„Für mich ist die Heilsarmee Heimat.“

Die Geschichte von Monika B.

Monika B.: „Für mich ist die Heilsarmee Heimat“
Monika B.: „Für mich ist die Heilsarmee Heimat“

Monika hatte früher zur Hausbesetzer-Szene gehört und mit ihrem Mann eine Weile im Wald gelebt. Sie liebte das ungebundene Leben und nahm regelmäßig Drogen.

Über einen Bekannten lernen sie und ihr Mann die Heilsarmee kennen und besuchen einen Gottesdienst. Die Predigt bewegt Monika sehr. Ihr wird plötzlich bewusst, wie viel in ihrem Leben falsch gelaufen ist. Sie will neu anfangen und ihr ganzes Leben Jesus Christus anvertrauen. Gemeinsam mit ihrem Mann tritt sie der Gemeinde bei. Damals ist sie mit ihrem ersten Kind schwanger.

Alles bricht zusammen

Doch der Neuanfang scheitert. Sehr bald nimmt Monika wieder Drogen. Sie streitet sich immer öfter mit ihrem Mann. Die Ehe steht vor dem Aus. Eines Morgens, als sie allein zu Hause ist, bricht alles über ihr zusammen. Sie sieht keinen Ausweg mehr und hat das Gefühl, ihre Zeit verschwendet zu haben. Sie will sich das Leben nehmen.

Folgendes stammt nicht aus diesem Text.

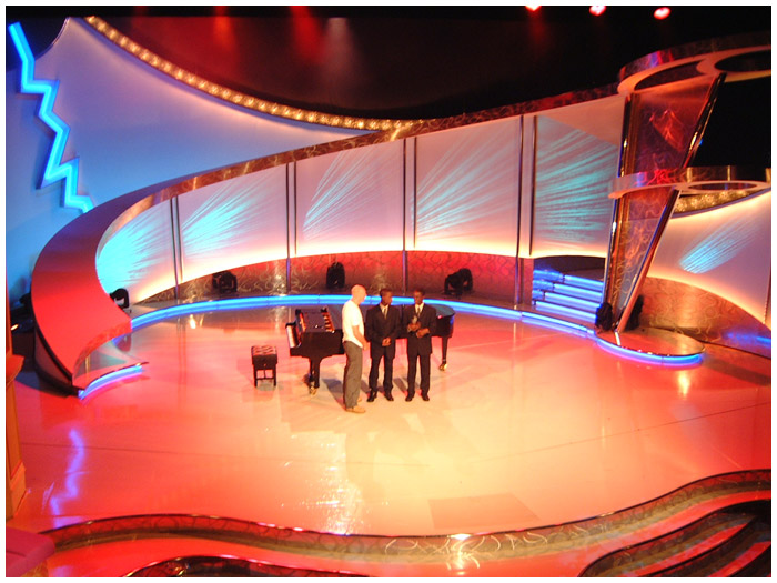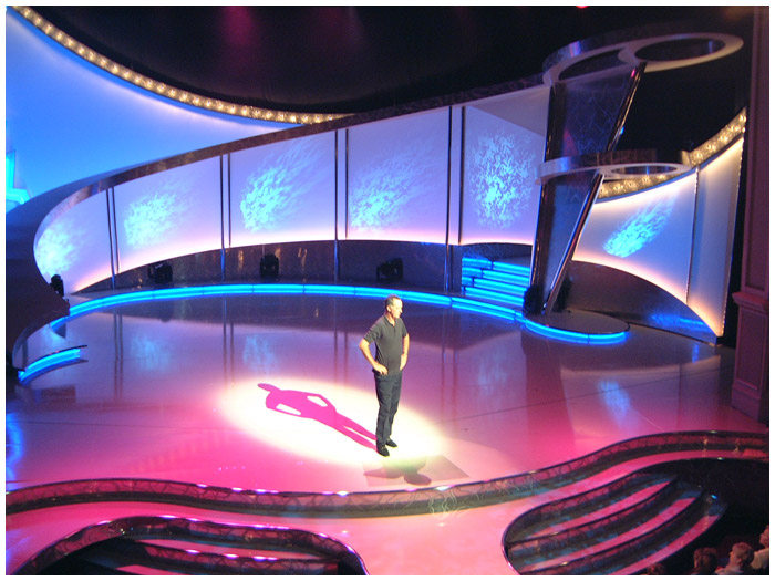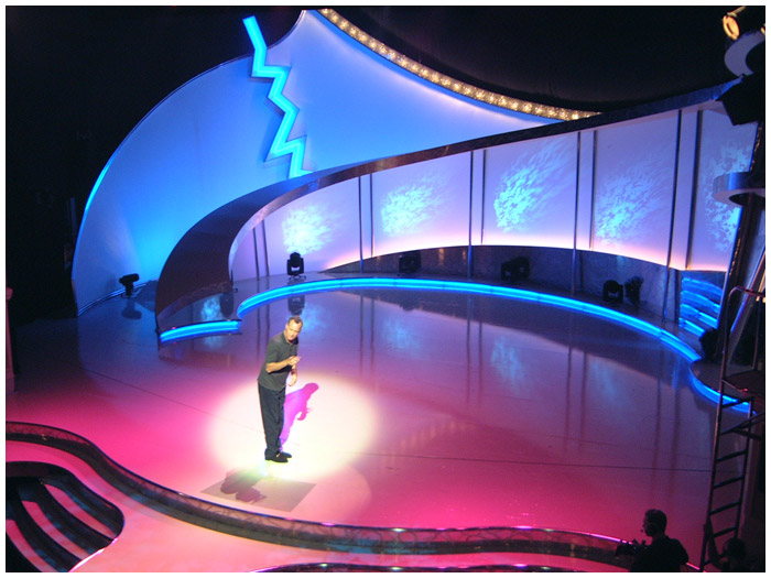 At the height of Michael Barrymore's fame we shot this series at the Wimbledon Theater. The set was designed to accommodate Michaels reputation for physically attacking the audience and so several catwalks, staircases etc where designed so that no member of the audience was safe.
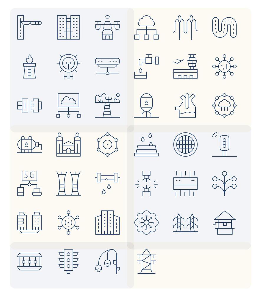 40 256x256 Display Perfect Icons for Infrastructure in Thin Line Theme Free Vector
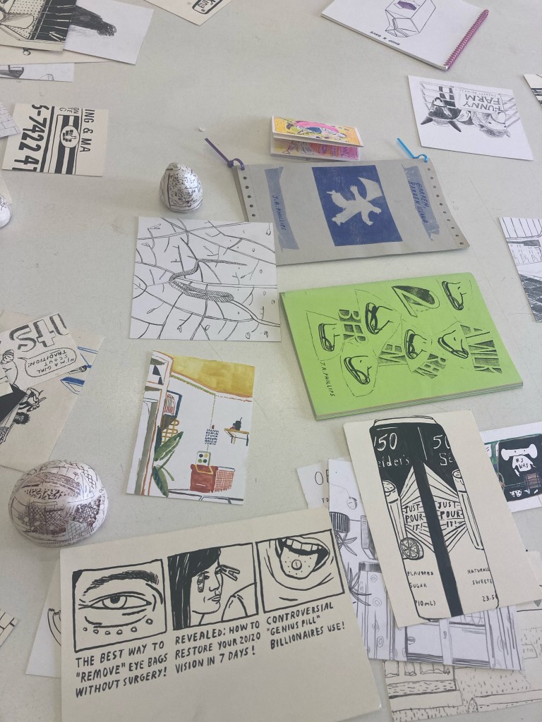This is a different kind of review I’m calling a “highlight,” a bite-sized recap of something I saw and liked. This week, I got the opportunity to view Juliet Phillips’ GET OUT FROM UNDER THE ROCK at Pullproof Studio (5112 Penn Ave) before its closing on September 22. Phillips and I are both native New Yorkers and bonded over both loving and losing New Golden Fried Dumplings, a now closed greasy hole-in-the-wall where you could buy a platter of dumplings for three bucks. It’s fitting that she and I connected over the shared memory of a commercial space, because much of Phillips’ work draws from how advertising and popular culture make up our consciousnesses. I first saw her whimsical use of color, which reminds me of the films of Wong-kar Wai or the photography of Petra Collins, at Bottom Feeder Books in Point Breeze. It’s sweet and nostalgic, playful and a little bit foreboding.
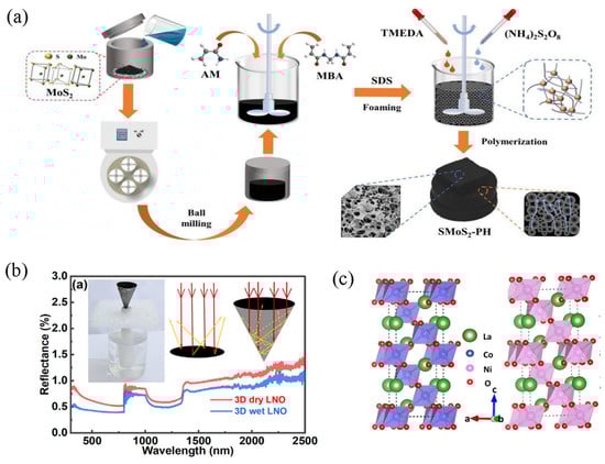 Water evaporation device using semiconductor material as a photothermal layer. (a) Preparation of porous hydrogel based on MoS2; reprinted with permission from [92], 2022, John Wiley and Sons. (b) Conical 3D structure when using metal oxides as a light-absorbing layer. (c) Schematic diagram of the crystal structures of LCO and LNO; reprinted with permission from [94], 2022, Elsevier.

Nur der Gedanke an ihr Kind hindert sie daran, sich die Pulsadern aufzuschneiden. Zugleich spürt sie eine unwiderstehliche Kraft, die sie drängt, es doch zu tun. In ihrer Verzweiflung wirft sie sich auf den Boden und betet: „Jesus, bitte verhindere du das!“ In diesem Moment hat Monika das Gefühl, dass sie nicht mehr alleine ist. „Ich spürte, wie mich jemand in den Arm nimmt und tröstet“, erinnert sie sich. „Und dann habe ich gesagt: Okay, ich will dir nachfolgen, Jesus.“

Monika bei einem Sozialeinsatz mit der Heilsarmee in Freiburg: Sie möchte ihr Glück mit denen teilen, denen es weniger gut geht.

Monika heute

Heute ist Monikas ältester Sohn über 30 Jahre alt. Drei weitere Kinder folgten. Monika und ihr Mann engagieren sich bei der Heilsarmee. Seit über 20 Jahren verteilt sie am Freiburger Hauptbahnhof regelmäßig Mahlzeiten und Getränke an obdachlose Menschen. „Für mich ist die Heilsarmee Heimat“, sagt Monika. Ein Ort, an dem sie sich angenommen fühlt und echte Freiheit entdeckt hat. Von diesem Glück, das sie erlebt hat, möchte sie anderen etwas abgeben.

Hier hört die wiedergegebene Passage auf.